Walt’s green Toyota was in the drive, she noticed, as they dashed for the door. He was a junior in high school and was on a work program which meant his classes ended early three days a week so he could go to his job. Mondays, Wednesdays and Fridays – like today – he got home at one o’clock, took a shower, choked down a snack, and then went to McDonald’s where he worked until closing. It was a “shit job” in his own words, but he was saving up for college. For a better car. Walt was a dreamer and in her ten-year-old mind, Jo was completely certain her brother Walter would achieve every dream he dreamed, because that was just the kind of person he was.

             
The front door was unlocked and the narrow foyer with its ugly rug for muddy boots was a welcome respite from the outdoors.

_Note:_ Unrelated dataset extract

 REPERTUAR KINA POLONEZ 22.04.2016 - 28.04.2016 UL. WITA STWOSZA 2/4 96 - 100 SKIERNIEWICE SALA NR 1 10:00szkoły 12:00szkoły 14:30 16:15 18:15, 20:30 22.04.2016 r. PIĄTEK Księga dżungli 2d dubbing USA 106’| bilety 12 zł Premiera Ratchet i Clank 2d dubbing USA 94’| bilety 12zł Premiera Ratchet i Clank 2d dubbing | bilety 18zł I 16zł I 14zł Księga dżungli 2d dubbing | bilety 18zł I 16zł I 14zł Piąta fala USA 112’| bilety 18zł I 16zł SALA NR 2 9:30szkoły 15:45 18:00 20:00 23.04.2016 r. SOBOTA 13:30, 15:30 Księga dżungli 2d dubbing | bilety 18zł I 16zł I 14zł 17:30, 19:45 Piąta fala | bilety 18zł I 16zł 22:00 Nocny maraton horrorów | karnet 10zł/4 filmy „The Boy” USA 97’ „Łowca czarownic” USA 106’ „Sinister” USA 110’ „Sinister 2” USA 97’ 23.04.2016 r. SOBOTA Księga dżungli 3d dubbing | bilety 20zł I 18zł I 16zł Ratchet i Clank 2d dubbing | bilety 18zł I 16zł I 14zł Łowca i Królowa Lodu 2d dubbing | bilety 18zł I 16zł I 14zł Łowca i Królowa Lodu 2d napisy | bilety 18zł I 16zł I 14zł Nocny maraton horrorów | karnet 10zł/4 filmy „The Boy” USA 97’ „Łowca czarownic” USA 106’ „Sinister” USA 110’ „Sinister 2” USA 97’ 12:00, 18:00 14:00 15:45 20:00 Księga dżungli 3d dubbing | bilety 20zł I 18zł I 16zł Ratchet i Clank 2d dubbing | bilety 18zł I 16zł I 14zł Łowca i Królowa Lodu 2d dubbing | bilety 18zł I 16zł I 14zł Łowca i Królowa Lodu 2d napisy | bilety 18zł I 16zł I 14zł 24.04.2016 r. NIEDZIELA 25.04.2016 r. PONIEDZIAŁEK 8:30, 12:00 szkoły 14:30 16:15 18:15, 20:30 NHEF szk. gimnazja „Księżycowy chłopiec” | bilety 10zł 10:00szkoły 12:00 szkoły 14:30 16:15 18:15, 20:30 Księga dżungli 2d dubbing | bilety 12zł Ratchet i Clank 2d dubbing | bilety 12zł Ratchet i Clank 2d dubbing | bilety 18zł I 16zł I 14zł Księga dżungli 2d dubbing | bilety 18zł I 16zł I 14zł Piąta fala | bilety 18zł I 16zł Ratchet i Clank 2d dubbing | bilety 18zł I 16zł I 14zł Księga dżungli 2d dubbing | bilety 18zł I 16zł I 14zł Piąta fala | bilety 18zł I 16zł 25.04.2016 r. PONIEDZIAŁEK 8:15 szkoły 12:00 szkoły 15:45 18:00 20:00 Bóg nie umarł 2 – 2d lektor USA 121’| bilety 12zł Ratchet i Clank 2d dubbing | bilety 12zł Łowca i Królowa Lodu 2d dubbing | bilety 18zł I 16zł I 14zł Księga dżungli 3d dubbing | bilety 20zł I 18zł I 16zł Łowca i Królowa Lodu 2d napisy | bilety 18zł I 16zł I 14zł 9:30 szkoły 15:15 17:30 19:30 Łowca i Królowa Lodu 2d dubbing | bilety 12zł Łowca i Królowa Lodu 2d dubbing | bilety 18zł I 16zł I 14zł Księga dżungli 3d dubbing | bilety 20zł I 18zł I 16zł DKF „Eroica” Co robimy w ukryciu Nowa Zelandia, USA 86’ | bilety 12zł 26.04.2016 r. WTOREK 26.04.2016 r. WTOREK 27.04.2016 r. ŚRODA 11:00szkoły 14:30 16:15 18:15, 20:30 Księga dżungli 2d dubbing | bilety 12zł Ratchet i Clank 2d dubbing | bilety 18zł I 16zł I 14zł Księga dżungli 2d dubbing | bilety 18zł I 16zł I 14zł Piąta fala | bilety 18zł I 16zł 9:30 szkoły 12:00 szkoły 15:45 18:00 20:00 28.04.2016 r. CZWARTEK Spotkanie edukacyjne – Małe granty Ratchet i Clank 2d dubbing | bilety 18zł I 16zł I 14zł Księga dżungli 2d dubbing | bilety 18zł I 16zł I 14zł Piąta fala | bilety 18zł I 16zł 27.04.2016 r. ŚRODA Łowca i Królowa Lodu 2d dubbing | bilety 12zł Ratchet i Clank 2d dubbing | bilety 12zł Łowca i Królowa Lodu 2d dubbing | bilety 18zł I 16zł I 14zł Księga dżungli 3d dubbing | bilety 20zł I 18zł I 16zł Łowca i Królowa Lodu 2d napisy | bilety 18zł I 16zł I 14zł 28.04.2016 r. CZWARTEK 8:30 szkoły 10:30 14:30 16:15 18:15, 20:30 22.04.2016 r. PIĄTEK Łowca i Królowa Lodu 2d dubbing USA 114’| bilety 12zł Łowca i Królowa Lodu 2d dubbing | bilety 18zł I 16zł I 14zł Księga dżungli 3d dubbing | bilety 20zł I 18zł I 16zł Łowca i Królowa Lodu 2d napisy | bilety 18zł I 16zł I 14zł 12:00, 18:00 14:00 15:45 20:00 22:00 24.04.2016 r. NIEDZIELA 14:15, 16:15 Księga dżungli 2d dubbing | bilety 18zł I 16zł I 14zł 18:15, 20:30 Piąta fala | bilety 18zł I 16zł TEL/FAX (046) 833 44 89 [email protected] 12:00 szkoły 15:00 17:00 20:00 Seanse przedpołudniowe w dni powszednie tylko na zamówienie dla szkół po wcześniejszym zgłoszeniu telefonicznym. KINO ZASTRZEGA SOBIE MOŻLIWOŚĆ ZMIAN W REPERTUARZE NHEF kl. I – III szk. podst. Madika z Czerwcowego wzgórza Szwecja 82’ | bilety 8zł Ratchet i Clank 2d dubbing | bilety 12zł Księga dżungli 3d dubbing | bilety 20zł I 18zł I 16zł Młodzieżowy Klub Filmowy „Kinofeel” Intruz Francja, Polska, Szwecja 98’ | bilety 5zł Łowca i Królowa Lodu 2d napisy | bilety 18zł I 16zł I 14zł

Jordan and Jo dropped their bags on the bench against the wall and hung up their coats – in Jo’s case, her hat too – and stepped out of their shoes; Jordan had been wearing Adidas whose soles were sloughing off and Jo had brown leather moccasins with beaded tassels.

             
The tinny sound of the TV kitchen and the smell of fresh coffee drew them down the hall to the heart of the house. The cabinets and counters were arranged in a horseshoe shape, a bar with stools on the far end, beyond which sat the oval table where they took their meals. The floor was linoleum and Mom hated it, but Jo loved its pattern that looked like gray stones laid out under their feet. There were lots of windows and weak winter sun poured in around them. Beth had an affinity for birds, so there were ceramic cardinals and robins and jays tucked away in the corners of countertops and along the tops of the upper cabinets, nestled among potted plants. A troupe of chickadees perched on a floating wooden shelf above Grandma Walker’s hand-me-down ceramic plate display.

             
Walt was dressed for work already in his McDonald’s shirt and black pants, sitting at the bar, coffee and a sandwich in front of him, watching the little white TV that sat beside the microwave.